Mommy Chronicles

A funny look at motherhood and the mayhem it causes.

August 06, 2003

Here Come the Brides

Real life and what you read in the newspapers usually bear little resemblance to one another. But every so often, you find yourself on the inside of what, to some, is a major cultural debate.

Lucy was a flower girl last weekend at her nanny’s wedding. Lucy took her job seriously, and before the ceremony invented several ways to get down the aisle: The Stately Walk, The Gallop and The Skip, which unfortunately looked a lot more like The Child with the Tragic Limp.

Happily, Lucy went with The Stately Walk, and in this way, preceded the brides down the aisle.

Yes.
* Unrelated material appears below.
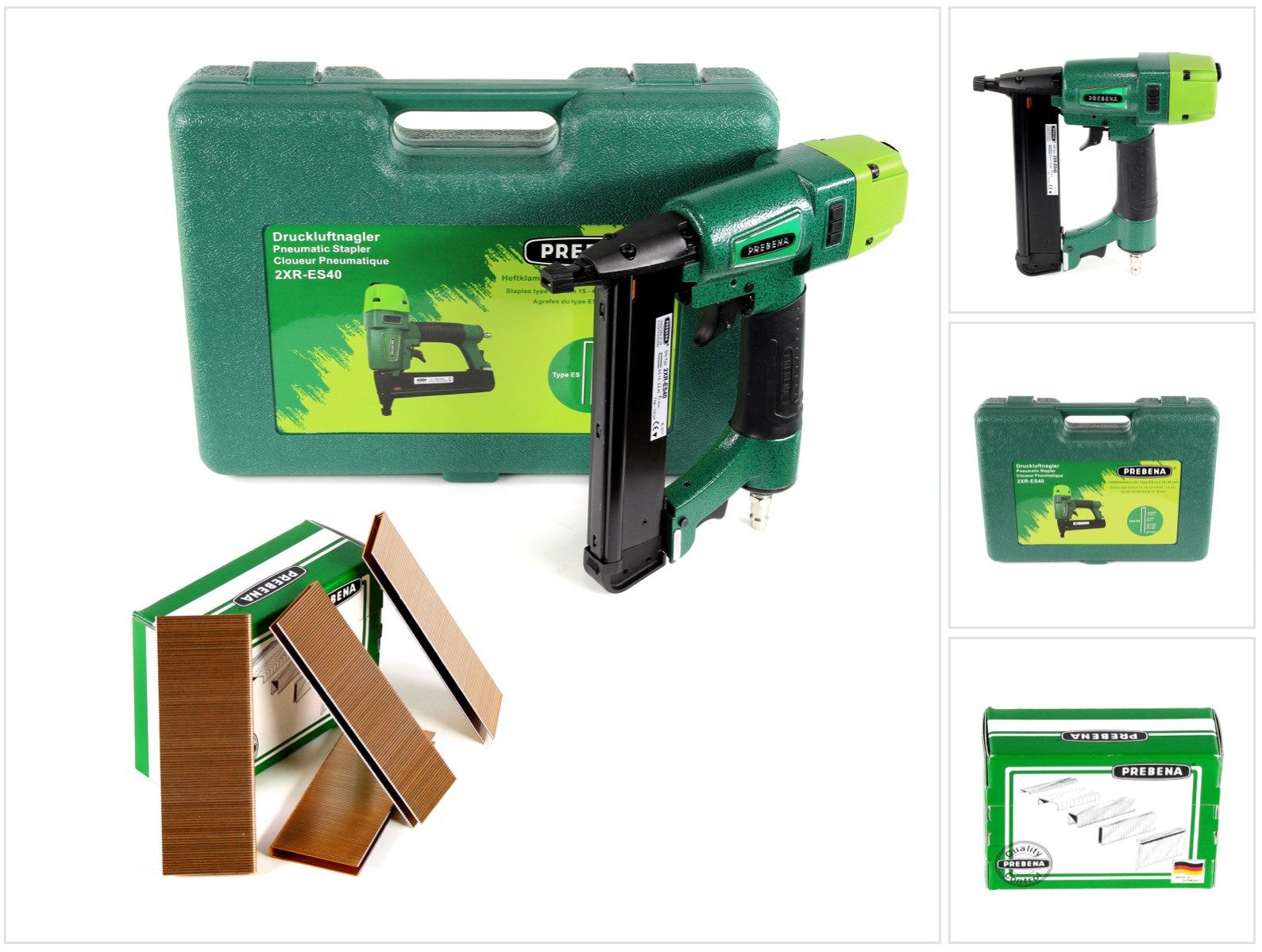 Dieses praktische Druckluft Klammergerät der Marke Prebena ist vielseitige einsetzbar. Man kann es für Panelle, Profilbretter, Glattkanbretter, Holzschindeln, Möbelrückwände Unterkonstruktionen und vieles mehr verwernden. Впередhin überzeugt das Gerät mit seinem geringen Gewicht für optimalen Bedienungskomfort, einem anwenderfreundlichem Auslösehebel, mit einem hochwertige Unterladermagazin für schnelles Nachladen und einem ergonomischen Handgriff mit Antirutschbelag. Das Druckluft Klammergerät eignet sich für Heftklammern des Type ES.
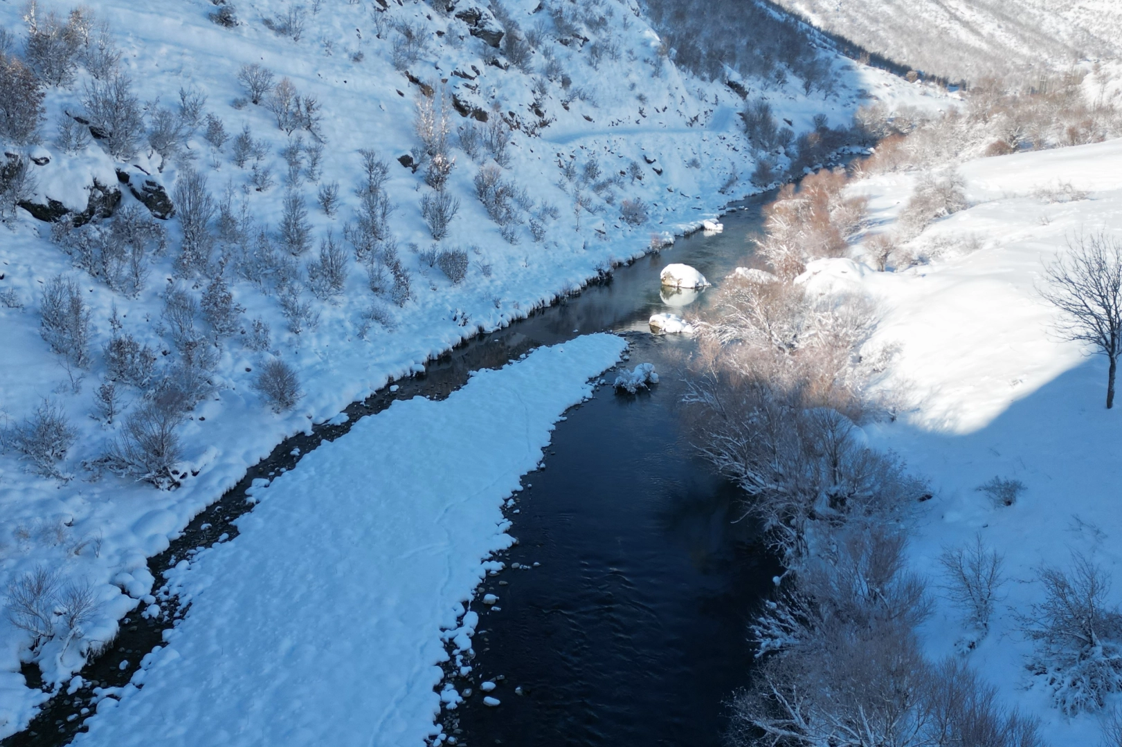 Havadan görüntülenen Habur Çayı ve ağaçların yanı sıra köylerin güzelliği göz kamaştırdı. Kar kalınlığının yer yer 2 metreyi bulduğu ilçede doğanın beyaz rengi ile su birleşince göz kamaştıran görüntüler ortaya çıktı. Masalsı görüntülerin adresi Şırnak oldu.

There were two brides, and not a single groom.

It was one of those weddings that some people these days are so eager to ban. And yet, aside from my own wedding, which holds a special place in my heart and memory, it was probably the best one I've attended, and it wasn’t just because there was a tower of doughnuts instead of the traditional wedding cake. It wasn't even because Lucy got to drink her first Shirley Temple, nor the fact that several wedding guests commented that she looked just like Shirley Temple.

It was because the wedding felt real. The ceremony talked about commitment in terms that resonate with those of us who understand what it takes to make a marriage work. What's more, those of us who know the brides have seen first-hand how they love and support each other, despite some hard times. Many of us have seen something else when we attended weddings between mismatched brides and grooms, people we know, deep down, are marrying each other just to be married, and to have all those things that married people get: comfort, security, a place in society, and a set of well-matched towels.

When gay people decide to get married, they get none of this except perhaps the towels.

They get people asking, “Why are you getting married? You don’t have to.” No one asks straight couples this question; the answer is obvious, and to ask would be so insulting.

Same-sex couples also get people in high places people who don't know them personally saying their relationship is deviant and a threat to everything we hold sacred and dear.

They get people who despite such real problems as war, starving children, struggling schools and high unemployment think it’s a good use of the public’s attention and taxpayer dollars to actually prevent these simple marriages from happening.

I suspect that if I did not have many wonderful friends in my life who also happen to be gay, I’d probably think the same.

When I was ten years old, for example, I had a history class assignment to write a page-long paper arguing a point. I argued that homosexual people were clearly mentally ill and belonged in institutions. I don’t know where this idea came from, as I have no memory of my parents teaching it to me. I suspect it might have had to do with the fact that I attended Catholic Mass every Sunday and church school every Monday afternoon, and listened carefully to the long list of sins we were to avoid.

As I grew up and my world expanded, I chose to focus on other lessons I learned in church, like kindness, compassion, tolerance and a reluctance to judge others. Very often, the people who helped me do this were the gays and lesbians I met. With their humor and willingness to be my friends, I came to know how wrong I had been as a child.

What I believe today is simpler than what I believed back then.

I believe that, when two people love each other, they are better for it. And I believe that when two people love each other enough to get married and say sincerely, “No matter what happens to us, we will take care of each other and the people around us,” the world is a better place.

I also believe that history will bear this out. Just that it has shown us that past bans on mixed-race and mixed-religion marriages were wrong, bans on gay marriages also are wrong. Love doesn’t make the world a worse place, ever.

I would teach this to Lucy as she grows up, except for one thing. Thanks to Laramie, she already knows it.